There are echoes of Animal Farm’s manipulation, mistruths and – as one book club member put it – “gaslighting” in the movement to outlaw books in the US. The effort has been spearheaded by groups, which claim to be grassroots efforts, petitioning school boards or elected officials to remove certain books. In reality, many of the groups involved in banning books are linked to and backed by influential conservative donors.
Most of the books relate to race or gender equality, at a time when some Republicans are mounting an effort to prevent teaching on race in schools by launching a loud campaign against critical race theory, an academic discipline that examines the ways in which racism operates in US laws and society.
The book Gender Queer by Maia Kobabe, which tackles the hardship of coming out and discovering one’s gender identity, is one of the most banned. Since it was published in 2019, it has been challenged by groups in at least 11 states, including Texas, Florida and Pennsylvania.
Clockwise from left: To Kill a Mockingbird, The Handmaid’s Tale, Thirteen Reasons Why and Harry Potter and the Sorcerer’s Stone.
Elsewhere, Toni Morrison’s The Bluest Eye, a novel which addresses racial and gender oppression, was recently ordered to be removed from school libraries in Florida and Missouri. Out of Darkness by Ashley Hope Perez chronicles a love affair between a Mexican American girl and a Black boy in 1930s Texas. Over the past year it has been banned in multiple states.
“I was disappointed that it was being allowed to happen, it just didn’t make sense to me that it could happen like that,” Johnson says of the spate of bans. Johnson, whose mother is waiting in a car outside the bookstore while the group meets, likes reading but says she is a slow reader. “I find it way easier to read with other people, and then talk about it. So I have a whole group of people to talk about it with.”
Her dad, who used to serve on the Kutztown school board, has been particularly animated on the topic.
“I hear him rant about it,” Johnson says.
As for the efforts, which are happening increasingly close to home, Johnson said any attempts to ban books at her school would be misguided.
“It would suck!” she says.
Elijah Sicher, left, and Jillian Rager.
“And usually it’s out of hate from that person, like against a community. A little kid, it’s not going to make them a certain way, it’s going to help them find out they’re a certain way.”

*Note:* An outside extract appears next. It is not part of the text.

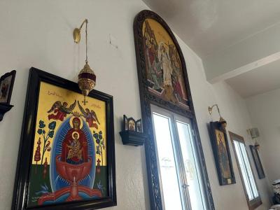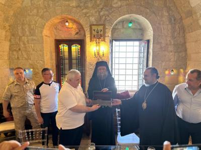 Посетили Сафитский приход, где состоялась беседа с Митрополитом северного Ливана и западной Сирии отцом Дмитрием. Российская делегация в память о состоявшемся визите передала икону, специально изготовленную в иконописной мастерской Свято-Данилова монастыря г. Москвы. Также нам показали русский класс, где проходят онлайн-занятия по изучению русского языка. Впоследствии ученики, оканчивающие здесь курсы по русскому языку, имеют возможность поступить в российские вузы на бюджетной основе. Но существует нехватка бесплатных мест для всех желающих сирийских абитуриентов.

After an hour and a half, the book club draws to a close. The pig, placed on the table to represent the pig elites of Animal Farm, is removed, and relegated to a place on a shelf.
Jesse Hastings, a tall 16-year-old with dark glasses, holds a new copy of The Hate U Give – all the book club’s literature is funded by a wave of donations – as she heads out into the brisk Kutztown night. Hastings, who had offered assured commentary during the Animal Farm discussion, says she was “shocked” by the spate of bannings: “And especially for some of the ridiculous reasons that some books are being banned.”
“A lot of the books were banned just because they had Black representation of LGBTQ representation,” she says.
“Especially for young kids who are queer, or are people of color, it’s really important to see representation if books, and if you aren’t allowed access to that then that can be detrimental.”
The Hate U Give by Angie Thomas. Right, Bridget Johnson, who at 13 is the youngest of the group.
As well as the impact on people who might have found kinship with banned authors, or representation in now-restricted books, Hastings says there is another unsavory aspect to all of this.
“It is a major issue, because already there’s a huge lack of representation of minorities in novels. And you know, there’s banning of books that discuss politics and things.
“I think it leads to a lot of kids being a lot more closed-minded.”